What needs to be done: In the records below, begin at the line that has "Of all the steps, the" and stop after the line that has "Σήμερα (σ.σ. 29/12/2025), στις"; quote those lines verbatim and nothing more.

Recorded information:
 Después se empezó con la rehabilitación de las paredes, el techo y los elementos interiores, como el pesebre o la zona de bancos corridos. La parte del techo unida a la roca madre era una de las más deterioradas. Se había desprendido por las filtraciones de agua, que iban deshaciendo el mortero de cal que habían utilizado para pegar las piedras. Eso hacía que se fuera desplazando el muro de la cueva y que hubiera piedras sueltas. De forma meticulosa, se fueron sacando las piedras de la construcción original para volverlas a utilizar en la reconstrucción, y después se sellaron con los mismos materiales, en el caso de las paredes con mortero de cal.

* * *

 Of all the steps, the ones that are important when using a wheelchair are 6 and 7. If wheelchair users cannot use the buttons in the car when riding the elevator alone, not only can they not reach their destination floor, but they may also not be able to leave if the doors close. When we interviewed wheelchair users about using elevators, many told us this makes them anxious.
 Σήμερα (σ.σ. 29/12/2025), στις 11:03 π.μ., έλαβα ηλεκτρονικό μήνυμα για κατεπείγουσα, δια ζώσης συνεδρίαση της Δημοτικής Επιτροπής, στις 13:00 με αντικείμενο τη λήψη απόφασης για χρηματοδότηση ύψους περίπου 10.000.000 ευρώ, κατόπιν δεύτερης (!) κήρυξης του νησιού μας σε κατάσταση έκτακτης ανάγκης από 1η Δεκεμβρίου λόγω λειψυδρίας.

Solution for this exercise:
 Of all the steps, the ones that are important when using a wheelchair are 6 and 7. If wheelchair users cannot use the buttons in the car when riding the elevator alone, not only can they not reach their destination floor, but they may also not be able to leave if the doors close. When we interviewed wheelchair users about using elevators, many told us this makes them anxious.
 Σήμερα (σ.σ. 29/12/2025), στις 11:03 π.μ., έλαβα ηλεκτρονικό μήνυμα για κατεπείγουσα, δια ζώσης συνεδρίαση της Δημοτικής Επιτροπής, στις 13:00 με αντικείμενο τη λήψη απόφασης για χρηματοδότηση ύψους περίπου 10.000.000 ευρώ, κατόπιν δεύτερης (!) κήρυξης του νησιού μας σε κατάσταση έκτακτης ανάγκης από 1η Δεκεμβρίου λόγω λειψυδρίας.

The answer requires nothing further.